Clinical depression is a lasting depression. It can hang on for weeks, months, even years.

Over 19 million Americans suffer from clinical depression. Half the suicides that take place in America can be traced back to people suffering from bouts of clinical depression.

Clinical depression is common in people suffering from Multiple Sclerosis, Lou Gehrig’s disease or Huntington’s disease.

The symptoms of clinical depression are the same for severe depression or manic depression:

  • Your ability to function in your everyday world ceases.
  • You are caught in the grip of paralyzing fear.
  • You worry incessantly about everything.
  • Your performance at works drops off.
  • Your sleep pattern is disrupted.
  • You avoid contact with family and friends, preferring to hide away in a darkened room where you unsuccessfully try to manage your thoughts.
  • You experience significant weight loss or other eating disorders.
  • You cannot concentrate.
  • You feel worthless and insignificant.

To be diagnosed with clinical depression these symptoms must last for at least a two week period.

If these symptoms are brought on by substance abuse, then you are not a victim of clinical depression.

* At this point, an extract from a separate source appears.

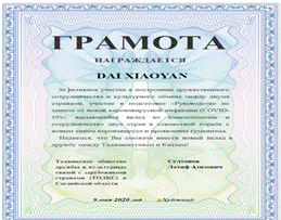 《新冠肺炎防护手册》是在新冠疫情爆发初期,受塔吉克斯坦胡占德市政府委托,由申博sunbet俄语专业教师团队编译的书籍。团队成员主动放弃稿酬,高质量完成了编译工作。该书共分为常识篇、症状及诊断篇、治疗篇、防护篇、保健篇和最新进展六大部分。该书已于2020年4月7日由塔吉克斯坦ООО ЮБЕ-принт出版,并赠送给胡占德市当地政府部门、卫生防疫部门以及大中小学,为塔吉克斯坦国家人民防疫起到了极大的作用。塔吉克斯坦胡占德市政府也对编译工作给予了高度赞赏,决定授予孙大满老师“塔中友好使者”荣誉称号,授予手册编译团队每位成员“塔中共同抗疫杰出贡献者”荣誉称号。目前与该手册相关的新闻亦被国内外40余家网站转载。

You are a substance abuser and you should seek help immediately at a detox center.

If you have recently lost a loved one, or are schizophrenic, chances are your clinician will not diagnose you as having clinical depression.

Clinical depression is also referred to as Major Depressive Disorder. Hallucinations can occur and suicidal thoughts are common.

 If professional help is avoided, suicide can become the final answer for those overwhelmed by this disease. Clinical depression is a reactive depression, responding to stress in someone’s life, major life changes, death of a child or relative and other traumatic events. This means that while you are in clinical depression should any of these events occur, your depression can plummet even further.

There are tests found online that you can take to determine if you are clinically depressed.  Seek professional help, contact your doctor, talk to a trusted friend.

Self-help and support groups are ready and willing to help you take control of a life seemingly out of control. When there is help, there is also hope.